Chartwells Higher Education has commenced a ghost kitchen program to help colleges and universities establish delivery-only catering facilities.
While planning was in the works pre-pandemic due to increased student demand for delivery options, the contract food service management provider has expedited the national roll-out of its ghost kitchens program to give campuses more flexible, cost-effective and varied dining options during Covid-19.
Chartwells’ culinary teams have been working with a number of pilot schools to develop new and creative meal concepts for delivery or contactless pickup that seamlessly integrate into Chartwells’ existing mobile ordering platform.
Their goal was to provide more menu offerings that could be customized to local students’ preferences and available at convenient hours.
Chartwells piloted its ghost kitchens program at select schools nationwide, including Seattle University, SUNY Buffalo State College, University of Utah, University of Texas at Dallas and San Jose State University.
“Our goal is to continuously give students access to a variety of dining options and menus, and ghost kitchens are a great solution since it offers them a completely new and unique dining experience,” said Lisa McEuen, CEO of Chartwells Higher Education.
“A benefit to the program is that many of our campuses are already well-equipped to implement ghost kitchens at a low cost. They don’t have to replace any meal concepts or shut down a location; all they need is kitchen space and they can have a ghost kitchen up and running very quickly.”
Chartwells worked with Seattle University, where more than 90% of the campus was online during the Fall 2020 quarter, to create a ghost kitchen and help pilot the broader nationwide program.
The kitchen opened in September 2020 to offer greater menu variety on weekends.

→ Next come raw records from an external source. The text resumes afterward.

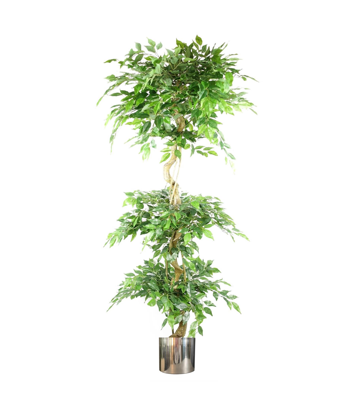 180cm Artificial Twisted Trunk Fruticosa Ficus Tree Triple Ball Topiary 1984 Leaves Silver Metal Planter
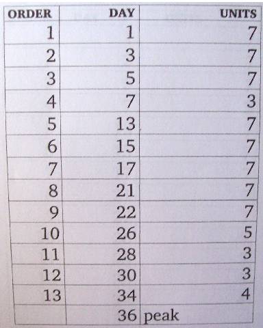 There was a time at which I was using quite a lot of spanking in my discipline, and it happened that over the course of 34 days, I got 13 of them. With the paddle. I’ll provide a chart which will depict the pattern graphically, but it was day 1 (7), day 3 (7), day 5 (7), day 7 (3), day 13 (7), day 15 (7), day 17 (7), day 21 (7), day 22 (7), day 26 (5), day 28 (3), day 30 (3), day 34 (4).
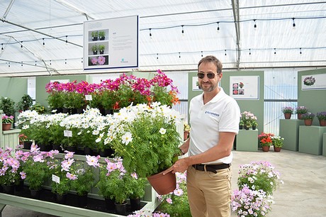 Eyal Inbar of Hishtil presenting the Scabiosa Kuda. Bred by a Japanese flower, it is a first year flowering perennial that produces compact mounds of foliage and stems and has large flowers. It grows up to 40-50cm (16-20") height and spread to 50-60cm (20-24"). The variety with white flowers (on the left) is new and they will come with a blue variety soon. According to Inbar, they could not fulfil the demand in Europe, where they have introduced it one year ago.
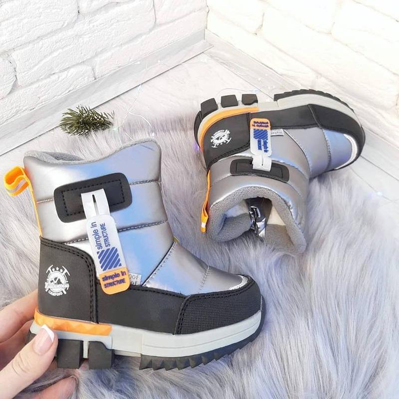 Круті термо-дутіки для маленьких ніжок. Модний дизайн не лишить Вашого малюка без уваги, а термо-ефект залишить ніжки в теплі і комфорті. Дуже теплі, до - 30 Всередині набивна овчина (60%) Збуку блисківка, є захист від потрапляння снігу. Термо-підошва Верх вітро і довонепроникний. Елементи декорацій міцно закріплені Якість - бомба Розміри : 23 - 15 см 25 - 16,5 см 2 шт 26 - 17 см 2 шт 27 - 17,6 см Вони унісекс, підходять і на хлопчика і на дівчинку
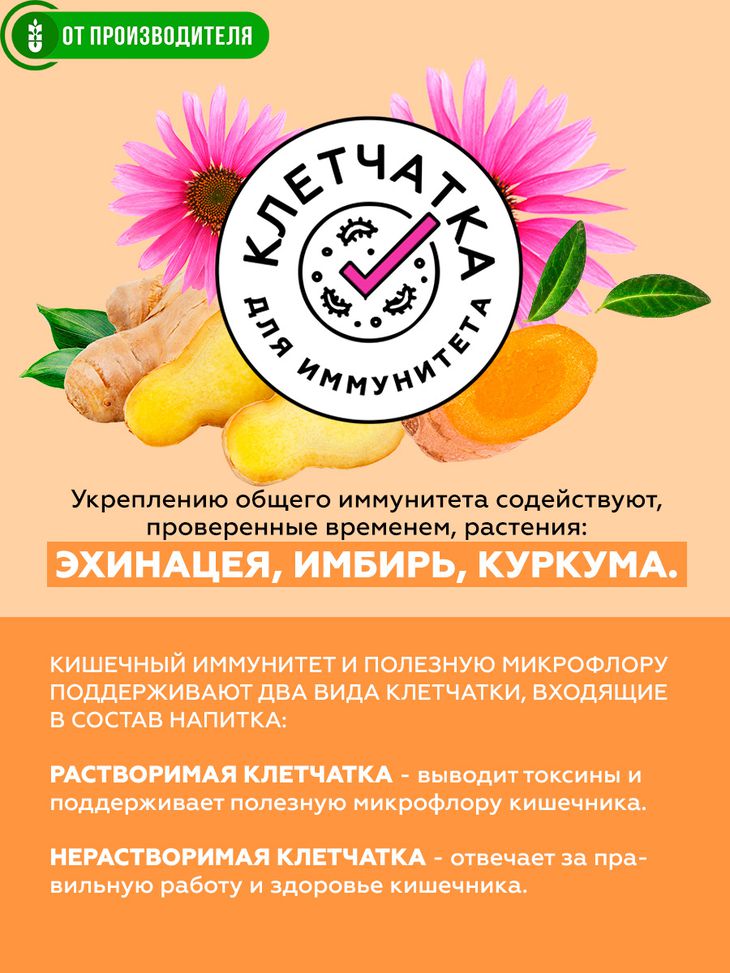 Укреплению общего иммунитета содействуют, проверенные временем, растения: эхинацея, имбирь, куркума. Кишечный иммунитет и полезную микрофлору поддерживают два вида клетчатки входящие в состав напитка.
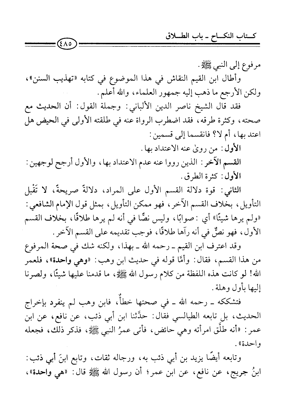 وقد اعترف ابن القيم -رحمه الله- بهذا، ولكنه شك في صحة المرفوع من هذا القسم، فقال: وأمَّا قوله في حديث ابن وهب: "وهي واحدة"، فلعمر الله! لو كانت هذه اللفظة من كلام رسول الله -صلى الله عليه وسلم-، ما قدمنا عليها شيئًا، ولصرنا إليها بأول وهلة.
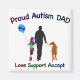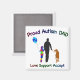 Orgulhoso Pai Autismo e seu filho andando com seu cão em quebra-cabeça Autismo, e "Acreditem no Apoio ao Amor" para apoiar o Pai Autismo e seu filho.
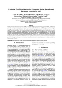 Exploring text classification for enhancing digital game-based language learning for Irish.
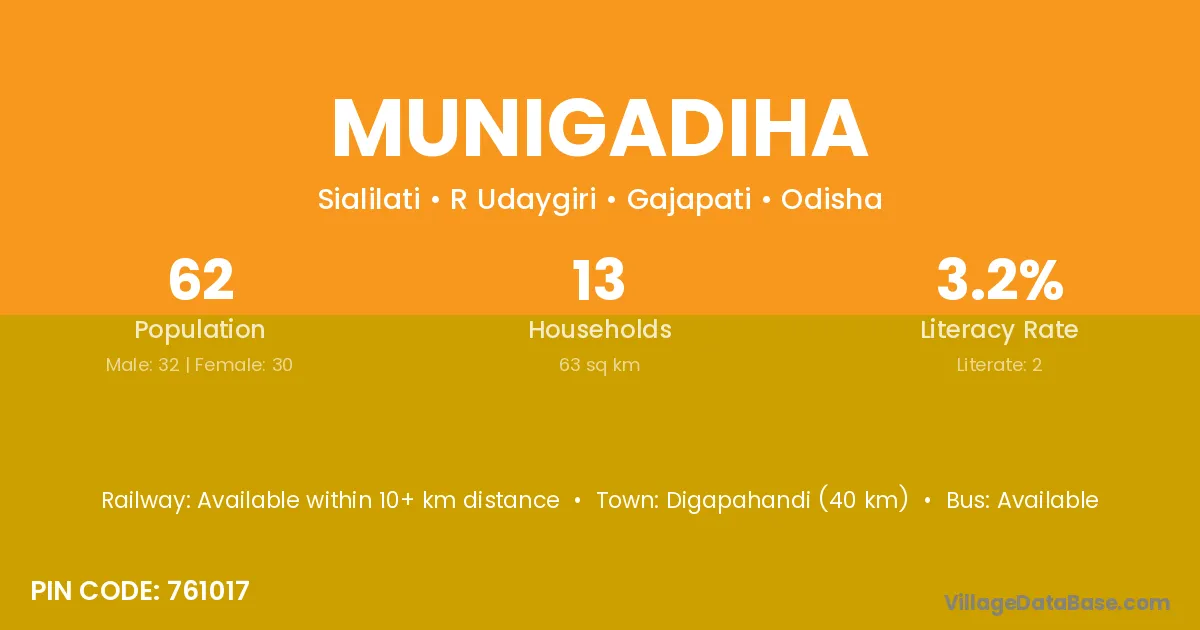 Digapahandi (40 km) is the nearest town to Munigadiha village for major economic activities and is located approximately 40 km away.
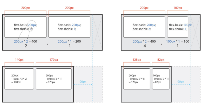shrink(수축 지수)는 grow와 반대로, 설정한 비율만큼 박스 크기가 작아진다(비율이 클수록 더 많이 줄어듬). 그러나 flex-grow 속성과 flex-shrink 속성을 함께 사용하는 일은 권장하지 않는다. 비율로 레이아웃을 지정할 경우 flex-grow 속성 또는 flex: <grow> 1 auto와 같이 grow 속성에 변화를 주는 방식을 권장한다. flex-shrink 속성은 width 나 이후 설명할 flex-basis 속성에 따른 비율이므로 실제 크기를 예측하기가 어렵기 때문이다. flex-grow 속성으로 비율을 변경하는 경우, flex-shrink 속성은 기본값인 1로 두어도 상관없다.
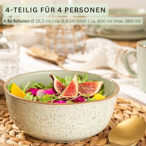 Sänger Rio Minze | Steingut Schüssel Set 4 teilig, Müslischalen für 4 Personen, Schalen multifunktional, kratz- mikrowellen- spülmaschinenfest, Tiefe Teller mintgrün 600 ml | VALUE COLLECTION
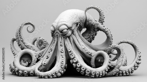 Obraz premium Detailed Monochrome 3D Render of a Powerful Octopus

The menu consisted of 12 rotating entrees and 12 desserts, made to order through Chartwells’ mobile ordering app. The ghost kitchen saw more than 24,000 orders placed within the first month.
“We decided to open our ghost kitchen in response to students and parents looking for increased meal variety and a safe alternative to on-campus dining, particularly on the weekends and for plant-based options. The feedback so far has been phenomenal,” said Terry Conaty, resident district manager at Seattle University.
“Our team was able to get the program up and running quickly, and our costs were minimal as we simply repurposed existing kitchen space. It’s a win-win because we’re providing students with lots of new menu options without having to add additional personnel resources or compromise our social distancing guidelines.”